Item 1.01 | Entry into a Material Definitive Agreement. |
On September 10, 2018, United Rentals, Inc., a Delaware corporation (the “Company” or “URI”) entered into an Agreement and Plan of Merger (the “Merger Agreement”) with Vander Holding Corporation, a Delaware corporation (“Vander Holding”), UR Merger Sub V Corporation (“Merger Sub”), a Delaware corporation and a direct, wholly-owned subsidiary of the Company, and Platinum Equity Advisors, LLC, a Delaware limited liability company, solely in its capacity as the initial Holder Representative thereunder. The Merger Agreement provides that, upon the terms and subject to the conditions set forth therein, Merger Sub will merge with and into Vander Holding (the “Merger”), with Vander Holding as the surviving corporation in the Merger.
Subject to the terms and conditions of the Merger Agreement, at the effective time of the Merger (the “Effective Time”), each share of Vander Holding common stock will be converted into the right to receive a pro rata share of an aggregate purchase price of $2,100,000,000, subject to customary purchase price adjustments as set forth in the Merger Agreement (the “Per Share Merger Consideration”).
The Merger Agreement contains customary representations, warranties and covenants made by Vander Holding, the Company and Merger Sub. Each party has agreed to comply with customary covenants, including covenants by Vander Holding to conduct the business of Vander Holding and its subsidiaries in the ordinary course substantially in accordance with past practice during the interim period between the date of the Merger Agreement and the date of closing of the Merger. URI intends to purchase abuy-side representations and warranties insurance policy, which will be its sole recourse for breaches of Vander Holding’s representations and warranties. The representations and warranties insurance policy will be subject to certain customary retention amounts, exclusions and deductibles.

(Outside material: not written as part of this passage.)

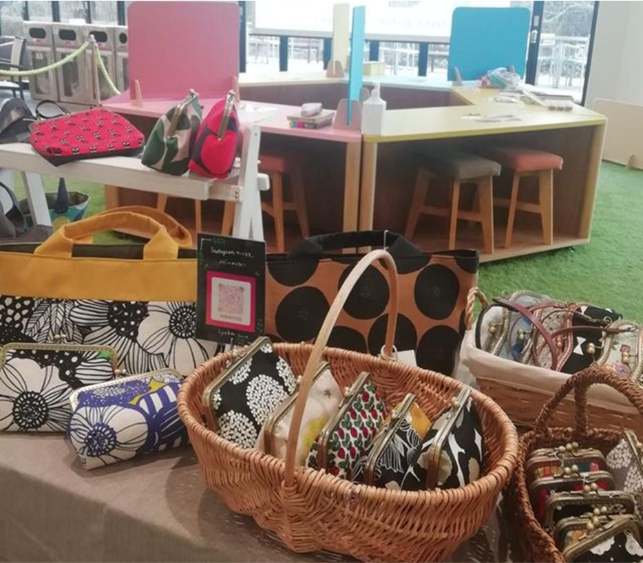 がま口ポーチやがま口バック、トートバッグを中心に布小物を製作・販売。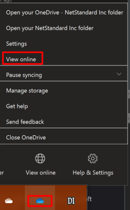 Find the OneDrive icon in your system tray (next to clock) right-click on the icon and then select View Online from the menu.

The completion of the Merger is subject to customary conditions, including, among others (i) the receipt of the written consent of the stockholders holding at least 99.5% of the outstanding shares of Vander Holding common stock, (ii) the absence of any injunction or order prohibiting the consummation of the Merger, (iii) the expiration or termination of the applicable waiting period under the Hart-Scott-Rodino Antitrust Improvements Act of 1976, as amended (the “HSR Act”) and (iv) the accuracy of representations and warranties (subject to customary materiality qualifiers) and material compliance with covenants set forth in the Merger Agreement.
Vander Holding and the Company are permitted under certain circumstances to terminate the Merger Agreement, including in the event that, among other things, the Merger is not consummated by December 15, 2018, which date is subject to extension to no later than May 29, 2019 upon written notice of one party to the other in the event all other closing conditions have been met except for the expiration or termination of the waiting period under the HSR Act.
The foregoing description of the Merger Agreement and the transactions contemplated thereby does not purport to be complete and is subject to, and qualified in its entirety by, the full text of the Merger Agreement, which is filed as Exhibit 2.1 to this Form8-K and incorporated herein by reference.
The Merger Agreement is filed as an exhibit to this Current Report on Form8-K in order to provide information regarding its terms. It is not intended to provide any other factual information about the Company, Vander Holding, or their respective subsidiaries and affiliates. The representations, warranties and covenants contained in the Merger Agreement (i) were made solely for purposes of the Merger Agreement and as of the date of the Merger Agreement, (ii) were solely for the benefit of the parties to the Merger Agreement, (iii) may be subject to qualifications and limitations agreed upon by the parties to the Merger Agreement, including being qualified by confidential disclosures made for the purposes of allocating contractual risk among the parties to the Merger Agreement instead of establishing these matters as facts and (iv) may be subject to standards of materiality applicable to the contracting parties that differ from those applicable to security holders of URI. Investors and security holders of the Company or Vander Holding should not rely on the representations, warranties and covenants or any description thereof as characterizations of the actual state of facts or condition of the Company or Vander Holding. Moreover, information concerning the subject matter of the representations, warranties and covenants may change after the date of the Merger Agreement, which subsequent information may or may not be fully reflected in public disclosures by the Company.